Earlier this year, long-time Tesla backer Ron Baron of Baron Fund began a 1.8m share sell-off, despite maintaining that the stock had the potential to grow past $2000. According to Nick Colas, co-founder of DataTrek Research, this move could just be “part of the process” for billionaires like Baron. However, retail investors should take note, as these decisions come after months of planning and billions spent on research. When it comes to Tesla itself, Mr. Colas believes that this dip in stock price comes as a result of the lockdown induced ‘tech-frenzy’ drawing to an end. In fact, over the past year, retail and institutional investors alike pumped millions into Big Tech and in particular Tesla. Now, with normality in sight, investors are looking for new opportunities elsewhere, dragging the price of tech-stocks down.


WHAT'S NEXT?


Rather than a deterioration of company fundamentals, this recent Tesla slump seems to reflect a difficult time for the industry as a whole, with market conditions no longer favouring high-growth tech stocks. Nonetheless, Tesla needs to work towards fending off industry competition and maintaining its status as king of the EV market. This is even more relevant today given the expected surge in demand for electric vehicles in the coming years.
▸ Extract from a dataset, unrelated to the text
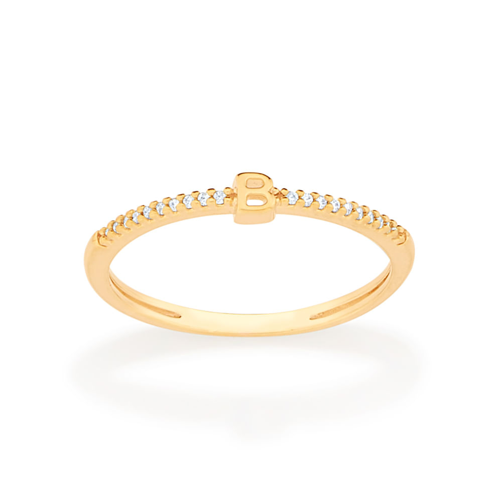 ANEL SKINNY LETRA BANHADO A OURO 18K COM ZIRCÔNIAS-LETRA B

This article was written based upon the facts that unfolded before 8th March 2021. The following day, Tesla shares rebounded, rising over 17% and spearheading the resurgence of Big-Tech as a whole. Many have attributed this bounce back to a slowdown in the sell-off of government bonds combined with the underpriced nature of the stocks themselves.


If anything, these recent developments highlight the prevailing volatility within the market.